Heitkamp pointed to her work as the attorney general for North Dakota implementing the Violence Against Women Act. She said that she also thought Ford "gave heartfelt, credible and persuasive testimony." 

"When I listened to Dr. Ford testify, I heard the voices of women I have known throughout my life who have similar stories of sexual assault and abuse. Countless North Dakotans and others close to me have since reached out and told me their stories of being raped or sexually assaulted – and expressed the same anguish and fear," she said.  

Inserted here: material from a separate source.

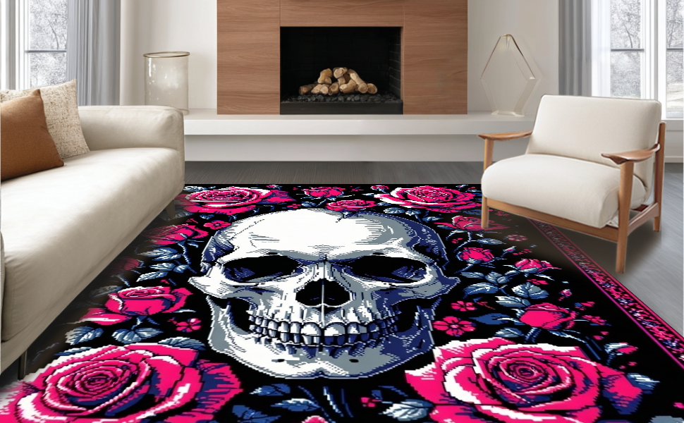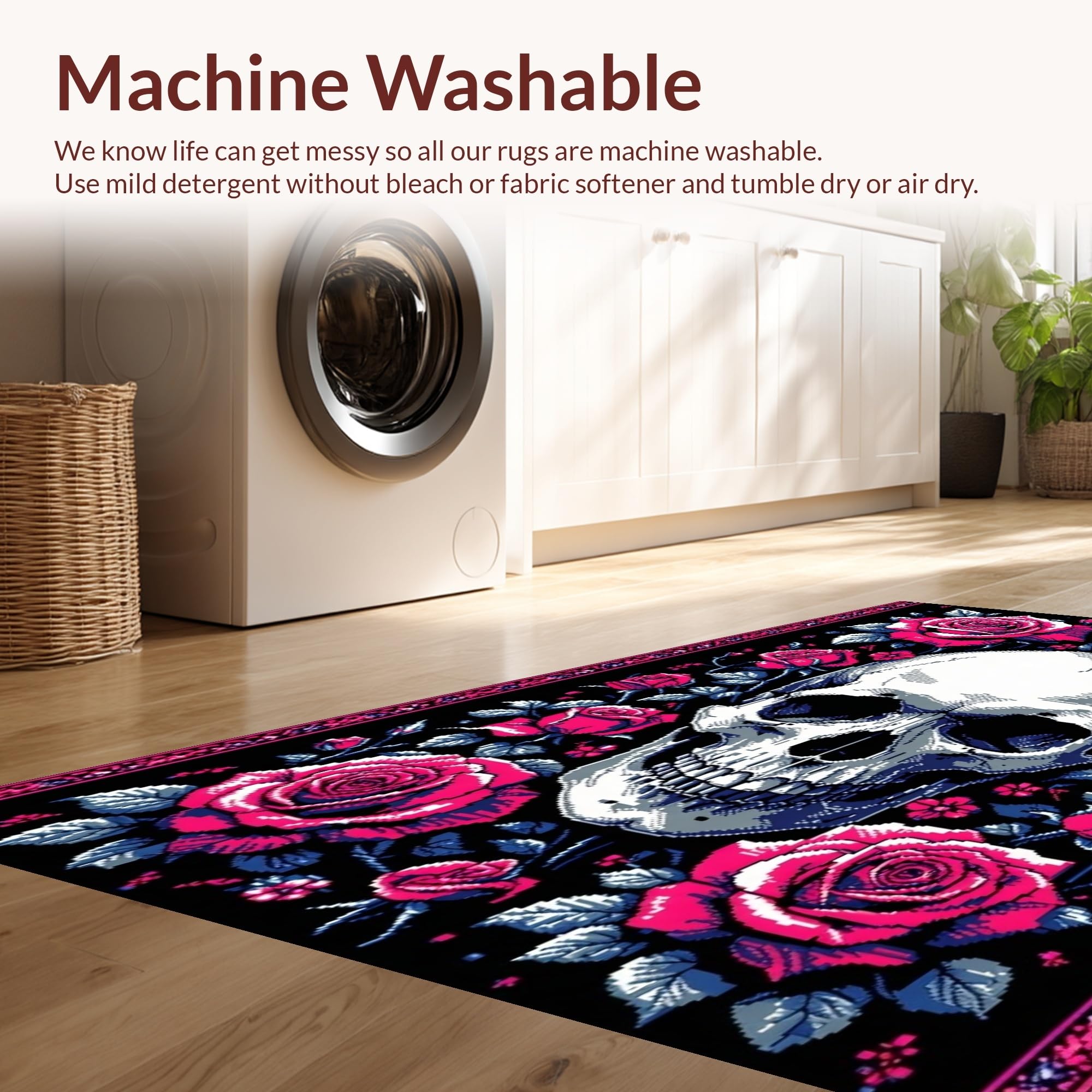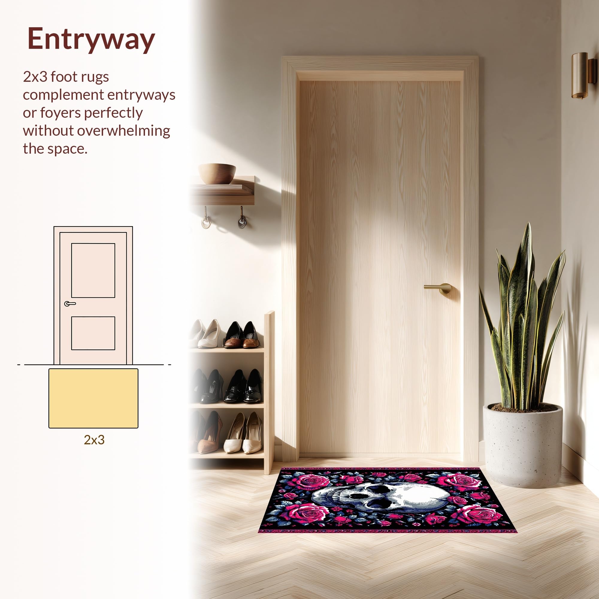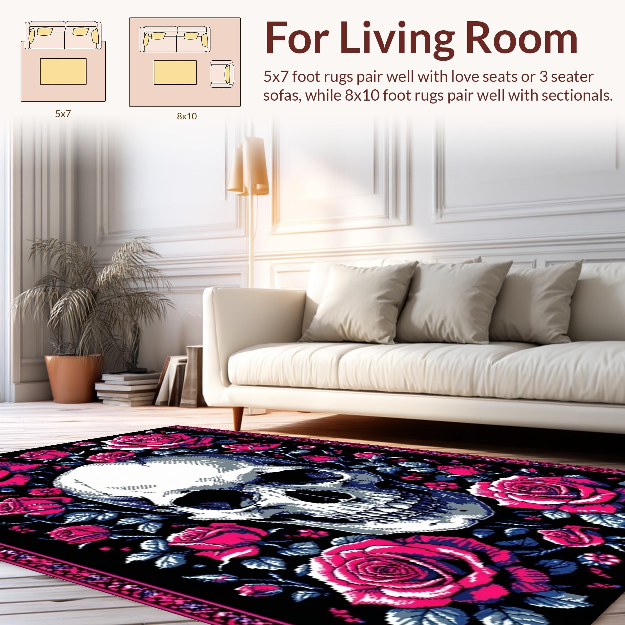Ultra Soft Area Rug, Non Slip, Stain Resistant, Washable Area Rugs for Living Room, Bedroom, Gothic Floral Skull Aesthetic(Red) Overview:

The decision marks a shift for Heitkamp, who was one of three Democrats to support Neil Gorsuch, President TrumpDonald John TrumpBill Kristol resurfaces video of Pence calling Obama executive action on immigration a 'profound mistake' ACLU says planned national emergency declaration is 'clear abuse of presidential power' O'Rourke says he'd 'absolutely' take down border wall near El Paso if he could MORE's first nominee. Sen. Joe DonnellyJoseph (Joe) Simon DonnellyOvernight Energy: Trump taps ex-oil lobbyist Bernhardt to lead Interior | Bernhardt slams Obama officials for agency's ethics issues | Head of major green group steps down Trump picks ex-oil lobbyist David Bernhardt for Interior secretary EPA's Wheeler faces grilling over rule rollbacks MORE (D-Ind.) has announced his opposition to Kavanaugh, while Sen. Joe ManchinJoseph (Joe) ManchinSenate confirms Trump pick William Barr as new attorney general GOP wants to pit Ocasio-Cortez against Democrats in the Senate Senate poised to confirm Trump’s attorney general pick MORE (D-W.Va.) remains undecided.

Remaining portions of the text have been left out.